Het is niet altijd een keuze, ziek worden kan iedereen gebeuren. Werkloos raken is echt niet altijd de schuld van incompetentie. Als je de pech hebt geboren te worden met een kneuzerig lijf worden je veel keuzes ontnomen. Daarnaast vind ik dat iedereen (nou ok, bijna iedereen) op zijn manier een belangrijke toevoeging is in deze maatschappij. Een maatschappij die steeds meer lijkt te moeten draaien om de ‘succesvolle’ mens. Succesvol dan in de betekenis van geld, want je telt pas echt mee als je pegels hebt. Ik begrijp dat echt niet, in mijn ogen ben je vele malen succesvoller als je iets goeds doet voor je medemens.

Dat brengt mij op de gekte in dit soms rare land. Een ziekenhuis dat failliet gaat, ik vind dat raar. Iedereen heeft recht op goede zorg, goede zorg die geboden kan worden op een plaats in de buurt, waarvoor je geen uur hoeft te rijden. Vroeger hadden we daar streekziekenhuizen voor, daar kon je terecht voor de basis. En toen kwam daar een briljant idee, laten we de ziekenhuizen privatiseren, dan besparen we kosten, wordt de zorg betaalbaar. Tja, de kosten rijzen de pan uit, zijn de patiënten nu echt zoveel duurder? Artsen zijn niet langer voor een vast loon in dienst, marktwerking. Er is geen overschot, niet iedereen kan arts worden, de opleidingen hanteren een lotingssysteem, een stop, stel je voor dat we teveel artsen in de markt hebben (was dat niet het idee achter marktwerking?).

In een open markt kies je je eigen hulpverlener, maar de verplichte zorgverzekeraar maakt slechts afspraken met een paar ziekenhuizen. Vrije keuze is pas vrije keuze als je over de brug komt met een paar tientjes extra, per persoon. Extra tientjes die er niet zijn in een huishouden waar de chronisch zieke al genoeg extra kost aan diëten en supplementen. Waar de eigen bijdrage in januari al op is, waar speciaal vervoer nodig is voor het extra wagenpark (zonder kom je nergens).

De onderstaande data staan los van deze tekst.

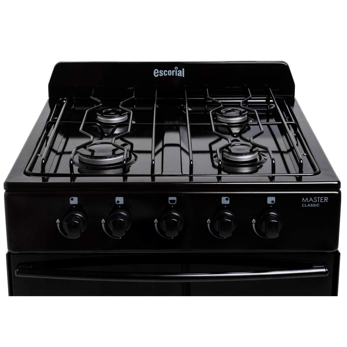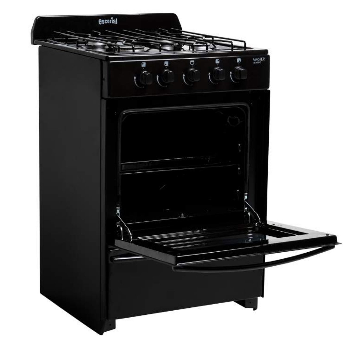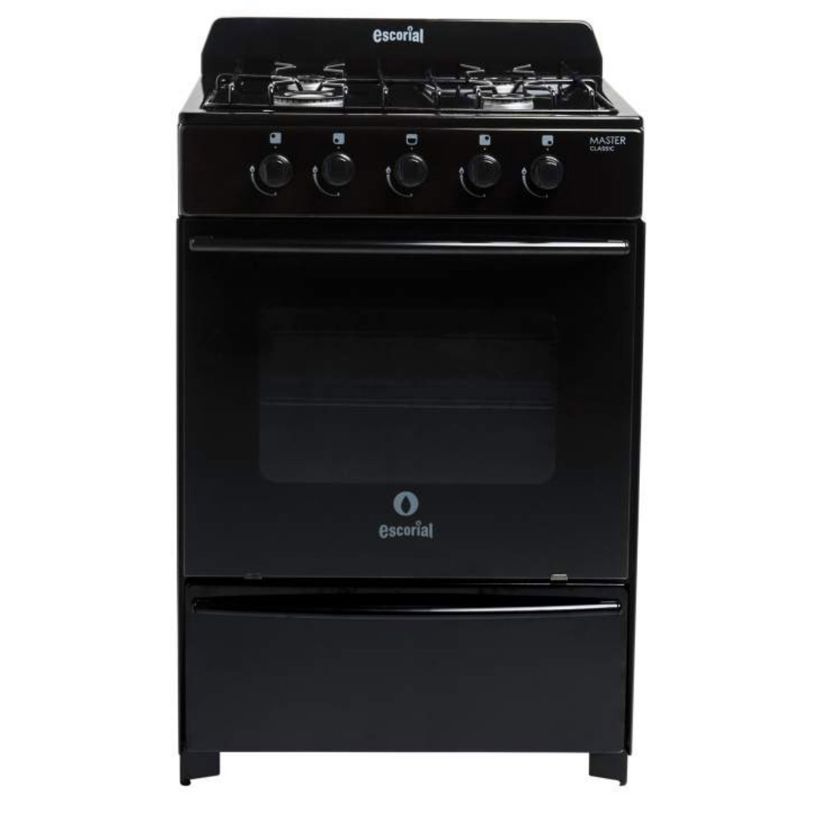 La cocina Escorial Master Classic negra de 56 cm es robusta y elegante, con horno visor y válvula de seguridad, para gas envasado.

In een ideale, groene wereld zou je als energieleverancier zorgen voor zonnepanelen op ieder dak. Jammer dat de geprivatiseerde energieleverancier niet genoeg meer aan je verdient als je zelfvoorzienend wordt qua energie. Als je geld als belangrijkste doel stelt, als geld voor de gemeenschap komt zal er in dit opzicht nooit iets veranderen. De mensen met het grote geld willen meer, de mensen met minder moeten maar iets harder werken, iets meer hun best doen. De ‘gewone man’ op de werkvloer werkt zich uit de naad voor een minimumloontje terwijl de man (of vrouw) achter het bureau de lakens uitdeelt voor een breder bed.

Ik hou van ons kikkerlandje hoor, maar ik maak mij zorgen. Alles draait om de centjes en dat is prima in het bedrijfsleven, maar sommige dingen zijn belangrijker dan geld. Marktwerking en (halfbakken gereguleerde) zorg gaan niet samen. Dit geldt in mijn ogen ook voor de energiebedrijven, water en het openbaar vervoer. Daar hoort de mens op de voorgrond te staan, daar hoort men zich bezig te houden met maatschappelijk verantwoorde ideeën en niet in de eerste plaats met de centen.

Deze planeet moet langer mee en de mensen, planten en dieren erop ook, dat vind ik!

Verloren tijd?

Ik heb een probleem, een probleem met de tijd. Het is echt zo, zoveel plannen, zoveel te doen en effectief zo weinig tijd…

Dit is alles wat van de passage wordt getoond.